=== Assignment ===
An exact copy is the goal: every line from the one containing "int num1 = 10;로" to the end of the material below, pictures excluded.

=== Recorded information ===

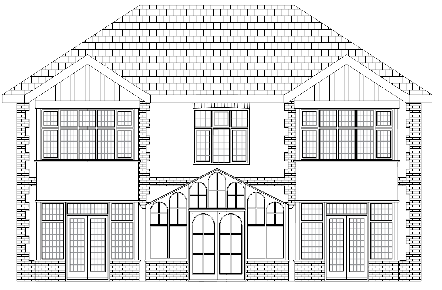 brick work as shown textured white render black timber detail in gables red clay tiles which are weathered grey porcelain patio
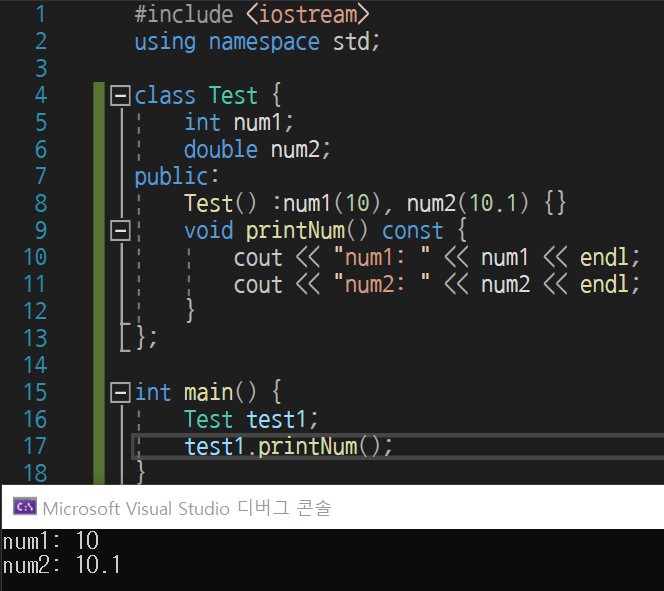 int num1 = 10;로 초기화가 진행되어 좀 더 뛰어난 성능을 발휘할 수 있다. 또한 이와 같은 이유로 const 멤버의 경우 생성과 동시에 초기화되어야 하기 때문에 const 멤버 변수는 이니셜라이저를 통해 초기화해야 한다.
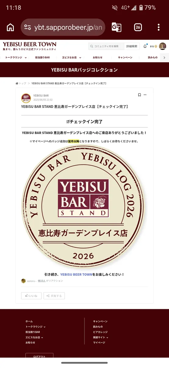 トップ > ヱビスフォト > YEBISU BAR > 関東最初のヱビスバーバッジは まる 2026/02/23 23:24 関東最初のヱビスバーバッジは 関東での 記念すべき第一歩👣 バッジが ちゃんと反映されるかが心配ですが 来月にはバッジが来るのが楽しみ✨ 45個のバッジ集め 自分なりに頑張ります💪 いいね 共有する 共有する X facebook LINE リンクをコピー コメントする 1 件の返信 (新着順) ミュートしたユーザーの投稿です。 投稿を表示 はんまーへっど 2026/02/24 06:35 YEBISUテイクアウトあるんですね⤴️⤴️ いいね 返信する ミュートしたユーザーの投稿です。 投稿を表示 まる 2026/02/24 08:21 はんまーへっどさん おはようございます。 テイクアウトがあって 嬉しいです😄⤴️⤴️ 今年は行ってませんが 去年は調布のお店でも テイクアウトをしましたよ〜🍺 お店巡りでとても助かりました🙆 関西でもなんばでやってましたよ〜🍺 気軽で嬉しいですね〜😄 いいね 返信する
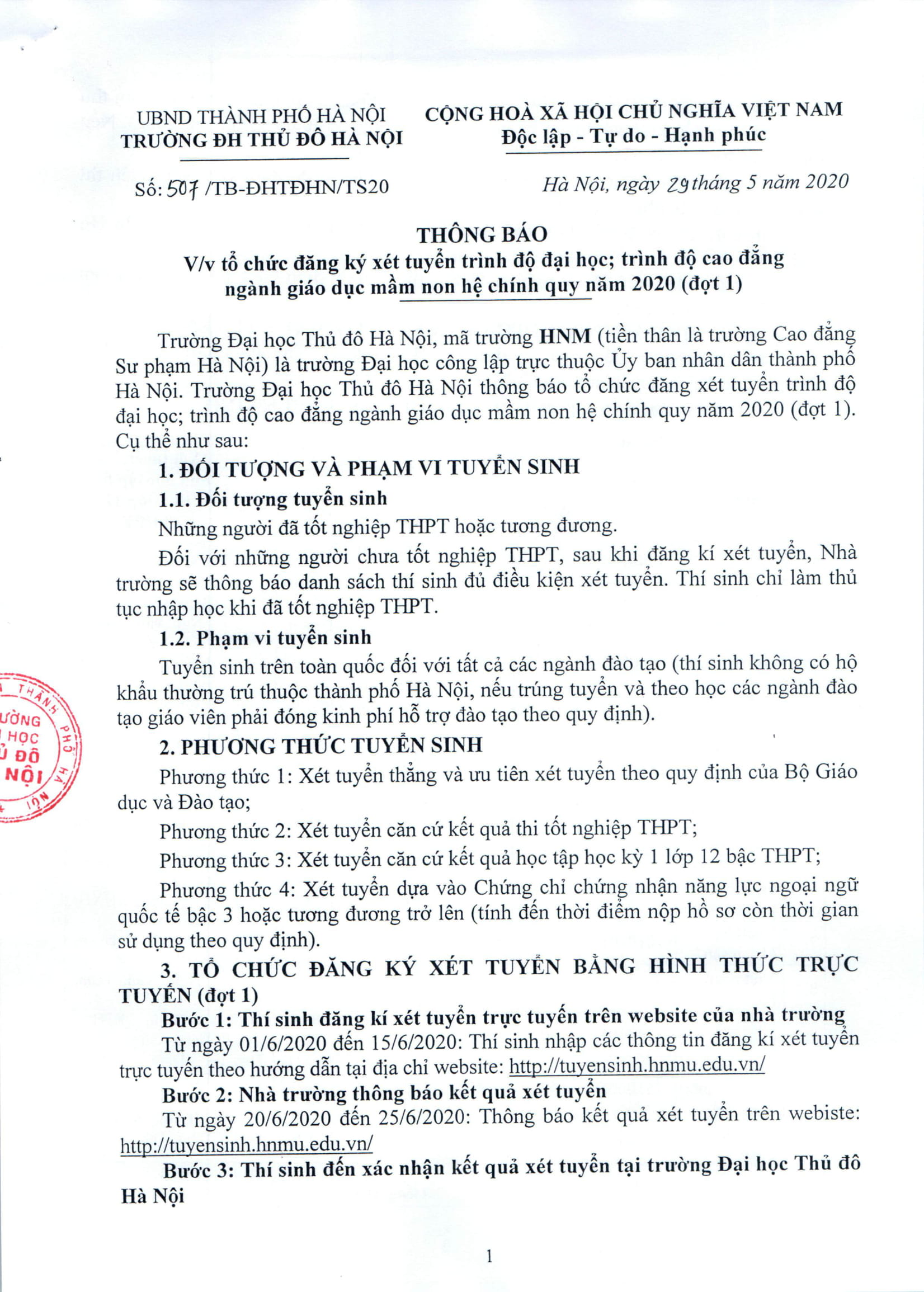 Thông báo vv tổ chức đăng ký xét tuyển trình độ đại học; trình độ cao đẳng ngành Giáo dục Mầm non hệ chính quy năm 2020 (đợt 1)

=== Answer section ===
 int num1 = 10;로 초기화가 진행되어 좀 더 뛰어난 성능을 발휘할 수 있다. 또한 이와 같은 이유로 const 멤버의 경우 생성과 동시에 초기화되어야 하기 때문에 const 멤버 변수는 이니셜라이저를 통해 초기화해야 한다.
 トップ > ヱビスフォト > YEBISU BAR > 関東最初のヱビスバーバッジは まる 2026/02/23 23:24 関東最初のヱビスバーバッジは 関東での 記念すべき第一歩👣 バッジが ちゃんと反映されるかが心配ですが 来月にはバッジが来るのが楽しみ✨ 45個のバッジ集め 自分なりに頑張ります💪 いいね 共有する 共有する X facebook LINE リンクをコピー コメントする 1 件の返信 (新着順) ミュートしたユーザーの投稿です。 投稿を表示 はんまーへっど 2026/02/24 06:35 YEBISUテイクアウトあるんですね⤴️⤴️ いいね 返信する ミュートしたユーザーの投稿です。 投稿を表示 まる 2026/02/24 08:21 はんまーへっどさん おはようございます。 テイクアウトがあって 嬉しいです😄⤴️⤴️ 今年は行ってませんが 去年は調布のお店でも テイクアウトをしましたよ〜🍺 お店巡りでとても助かりました🙆 関西でもなんばでやってましたよ〜🍺 気軽で嬉しいですね〜😄 いいね 返信する
 Thông báo vv tổ chức đăng ký xét tuyển trình độ đại học; trình độ cao đẳng ngành Giáo dục Mầm non hệ chính quy năm 2020 (đợt 1)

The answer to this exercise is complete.